I did not realize that given an attachment key/item key like 22YG7R8A extracted from a file pathname like ~/Zotero/storage/22YG7R8A/The best paper ever.pdf, there might be more than one library to which it belongs. Currently, what I do in Zowie (using pyzotero) is to iterate over a list of the user's libraries looking for the combination that returns a record. The algorithm is pretty trivial and embodied in this function (but the code is a bit verbose because of error checks and debug logging ):

https://github.com/mhucka/zowie/blob/0e785541e6381a6ef4c5dee73bb17da0570ecbce/zowie/zotero.py#L124-L171

The implication of what you're saying is that there might be more than one library containing the same key, which means my simplistic approach is nondeterministic and will return the first one it finds at random without informing the user there might be another. I will need to document this, and maybe add an option to control the behavior somehow (perhaps by adding rules for the precedence of libraries chosen).

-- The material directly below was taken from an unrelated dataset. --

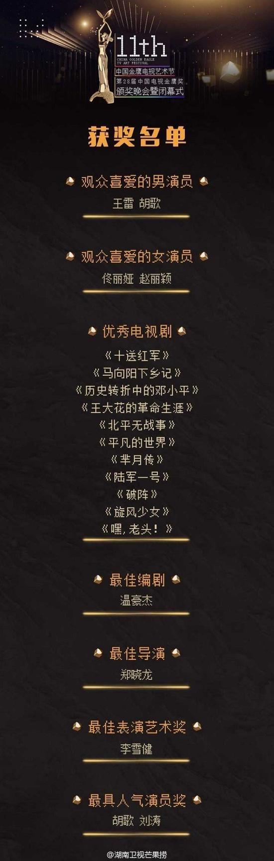 16日,第28届中国电视金鹰奖暨第11届中国金鹰电视艺术节颁奖晚会在长沙举行,各项大奖均揭开神秘面纱。
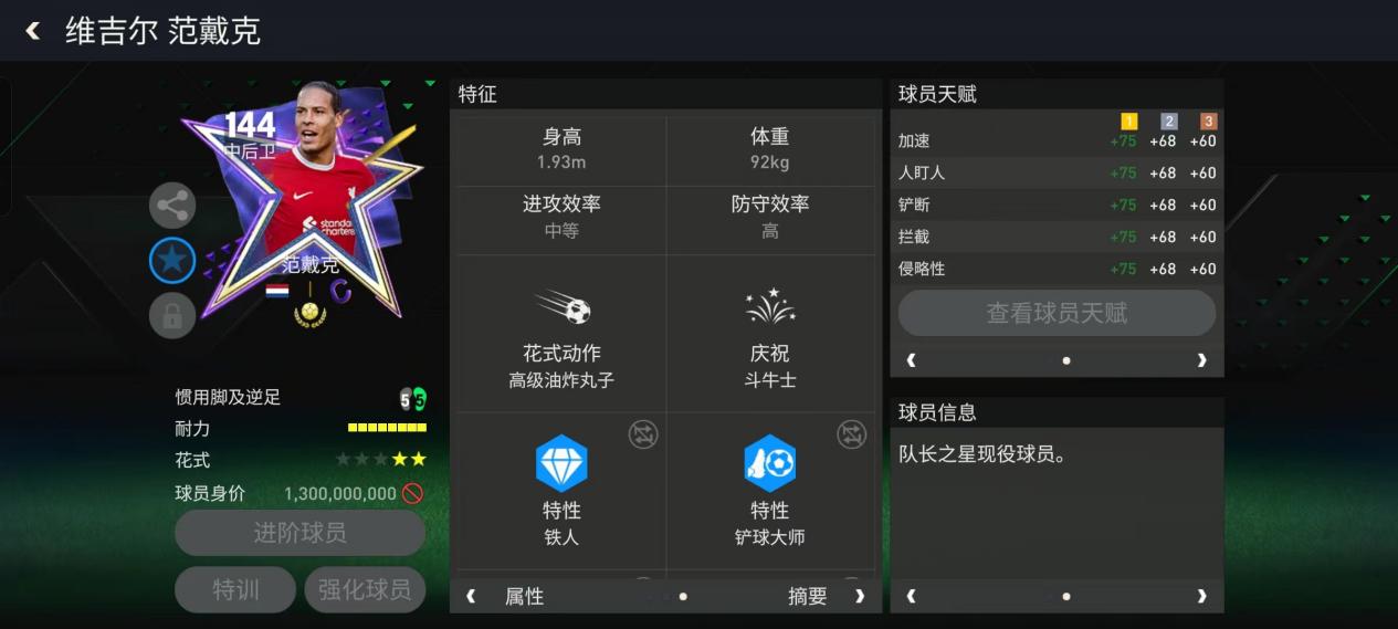 在队长之星活动中,队长之星范戴克闪耀登场,作为现役中后卫中的顶级球星,这张范戴克的数据配置非常优秀,卡面以活动的紫金为主色调,非常华丽。今天就一起来看看这位超级巨星吧!

Back to the BBT API: with all this in mind, I now understand that it's necessary to give it both a library id and an item/attachment key. If the new endpoint could return something that identifies the parent record, that would be great. Since there is already a BBT API endpoint to get the list of the user's libraries, a caller could take an item key and iterate over the libraries, trying out different combinations until it finds one that works, or fails to find any matches. That's the approach I'm already taking in the context of Zowie, and it's been working (notwithstanding the just-discovered problem of nonuniqueness).

mhucka avatar Oct 25 '21 14:10 mhucka

I did not realize that given an attachment key/item key like 22YG7R8A extracted from a file pathname like ~/Zotero/storage/22YG7R8A/The best paper ever.pdf, there might be more than one library to which it belongs.

This is not going to be the case. I don't know how Zotero lays out synced groups, but it cannot be the case that that path belongs to more than one library. If you have synced groups, the attachments must be identifiable in some way.

The implication of what you're saying is that there might be more than one library containing the same key, which means my simplistic approach is nondeterministic and will return the first one it finds at random without informing the user there might be another.

The implication is that I'm pretty sure it's possible to find out what library an attachment belongs to.

retorquere avatar Oct 25 '21 18:10 retorquere

The problem exists, technically, but it's deemed so unlikely to occur that we ought not worry about it: https://groups.google.com/g/zotero-dev/c/Wx86Jf3AL9s/m/HXs3wrCtBQAJ

retorquere avatar Nov 15 '21 14:11 retorquere